Medical students looking to work in the field of pediatrics will usually need to complete a pediatrics clerkship where they will learn valuable skills and gain important experience in working with children in a clinical setting. Lasting an average of eight weeks, medical students will participate in a variety of healthcare settings that involve children of all ages. Core skills commonly focused on include clinical skills, management skills, interpersonal skills and acquisition of knowledge related to pediatrics. Students attending medical school will often find a clerkship in pediatrics either on campus or with a children’s hospital in a nearby community. Even medical students who will not focus on pediatrics throughout their careers may be required to take a clerkship in pediatrics as part of their curriculum requirements.
During a pediatrics clerkship, medical students will usually learn about a broad range of topics. Preventative care is one such focus, while healthcare maintenance is one that will often include acquiring knowledge of major pediatrics diseases and how to clinically treat them. Child development is another topic of focus, covering from prenatal to adolescence. Medical students will become familiar with how normal and deviant development impacts both the healthcare of children and the types of treatments medical professionals will provide. Students will become oriented to professional literature in pediatrics as well, particularly on how to use that literature effectively when managing treatments programs for children.
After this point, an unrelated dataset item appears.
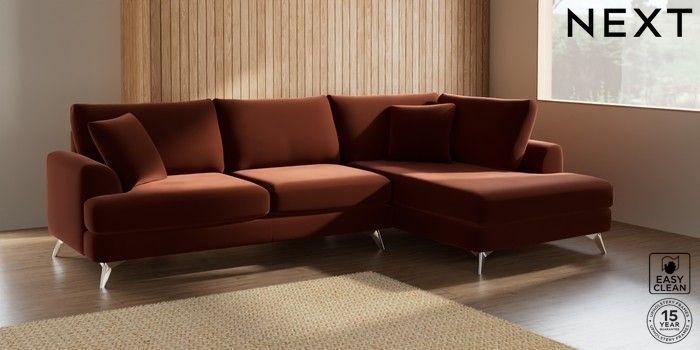 7.2.5 Buy Parker Large Corner Chaise - Right Hand Plush Velvet Easy Clean Ginger Orange High Metal - Chrome from the Next UK online shop Click here to use our accessible website
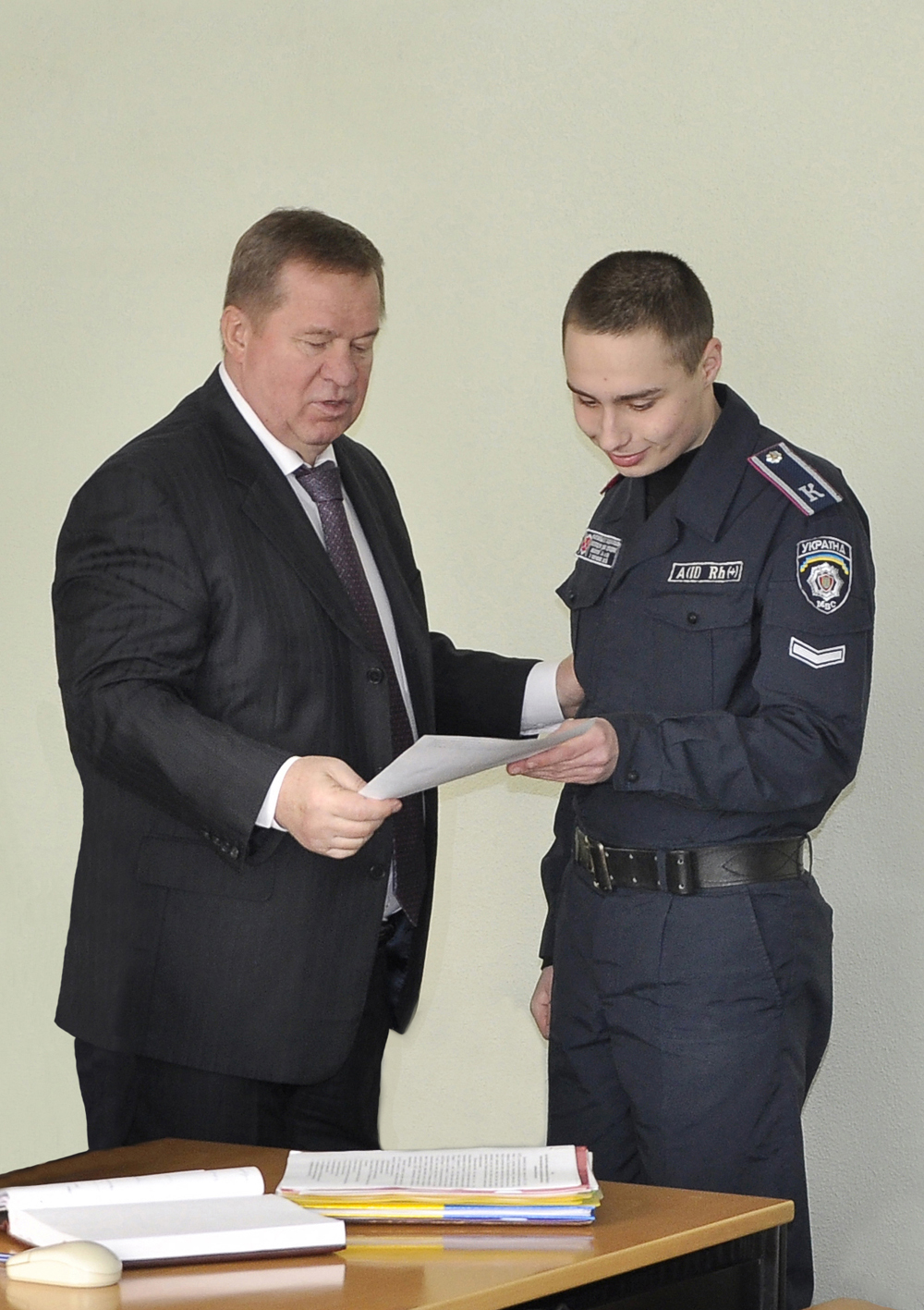 справах дітей Павлу Павлюченку ректор вручив фото на згадку з особистим підписом, на якому рядовий міліції зображений під час несення служби.

Skills that medical students will develop during a pediatrics clerkship are essential in providing competent clinical care to children. Those skills will include how to accurately gather and record essential data to build pediatric histories as well as how to use that information when conducting physical examinations. Application of basic science and clinical medicine to the pediatric environment is also essential, particularly for planning treatment strategies and developing diagnostic impressions. Interpreting results for a wide range of laboratory tests, radiographic tests and other available data is covered extensively during the clerkship. Most often, students will spend a great deal of time observing and replicating medical procedures to gain first-hand experience.
Interpersonal skills are especially central to a career in pediatrics. Throughout the pediatrics clerkship, medical students will learn and refine communication skills with children, parents and other members of the healthcare establishment. Additionally, ethics are a part of this important communications process, and those considerations are often covered extensively as they apply to pediatrics.